**Goal of the exercise**
In the entries below, find the line containing "Las cubiertas laterales, la" and the line containing "Owner’s Manual LCDT-Series". Copy those two lines and everything between them exactly, without the pictures.

*** Opening Exercise input ***

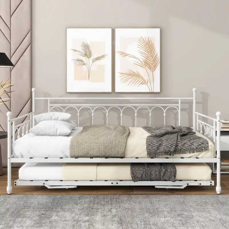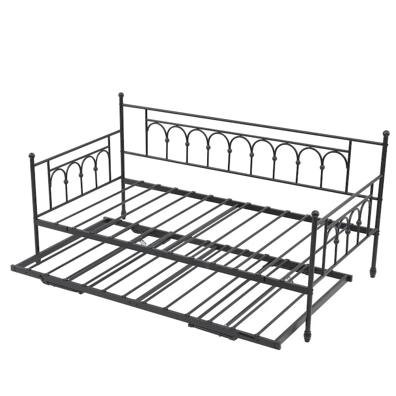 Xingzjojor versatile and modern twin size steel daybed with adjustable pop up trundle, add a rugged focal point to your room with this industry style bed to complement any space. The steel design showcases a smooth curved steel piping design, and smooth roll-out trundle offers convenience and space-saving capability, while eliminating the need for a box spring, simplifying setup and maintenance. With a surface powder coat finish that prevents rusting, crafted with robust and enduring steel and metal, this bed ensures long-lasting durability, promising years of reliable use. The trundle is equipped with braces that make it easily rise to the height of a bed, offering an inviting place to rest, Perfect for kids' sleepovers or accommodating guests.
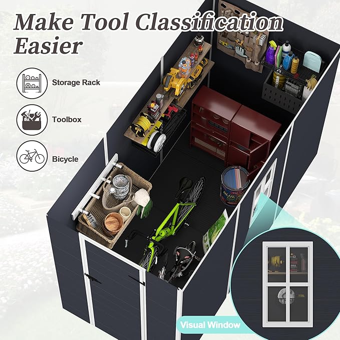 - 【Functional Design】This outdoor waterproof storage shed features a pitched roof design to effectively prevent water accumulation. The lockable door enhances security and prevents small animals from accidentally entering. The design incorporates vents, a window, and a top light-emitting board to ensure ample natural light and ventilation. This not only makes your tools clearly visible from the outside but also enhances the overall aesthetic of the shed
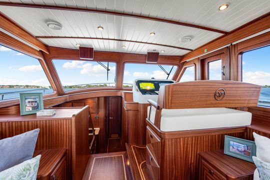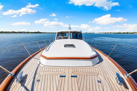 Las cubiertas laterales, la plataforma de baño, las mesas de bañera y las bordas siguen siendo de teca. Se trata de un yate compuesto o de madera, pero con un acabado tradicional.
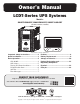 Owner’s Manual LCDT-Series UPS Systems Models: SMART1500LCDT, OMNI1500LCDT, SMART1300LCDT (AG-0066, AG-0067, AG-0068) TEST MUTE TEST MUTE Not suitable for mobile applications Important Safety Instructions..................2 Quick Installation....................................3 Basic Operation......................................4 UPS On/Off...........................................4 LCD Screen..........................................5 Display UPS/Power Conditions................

*** Closing Exercise input ***
*** Opening Exercise input ***

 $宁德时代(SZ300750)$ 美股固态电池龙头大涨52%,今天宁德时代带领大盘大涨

*** Closing Exercise input ***

**Answer to the problem**
 Las cubiertas laterales, la plataforma de baño, las mesas de bañera y las bordas siguen siendo de teca. Se trata de un yate compuesto o de madera, pero con un acabado tradicional.
 Owner’s Manual LCDT-Series UPS Systems Models: SMART1500LCDT, OMNI1500LCDT, SMART1300LCDT (AG-0066, AG-0067, AG-0068) TEST MUTE TEST MUTE Not suitable for mobile applications Important Safety Instructions..................2 Quick Installation....................................3 Basic Operation......................................4 UPS On/Off...........................................4 LCD Screen..........................................5 Display UPS/Power Conditions................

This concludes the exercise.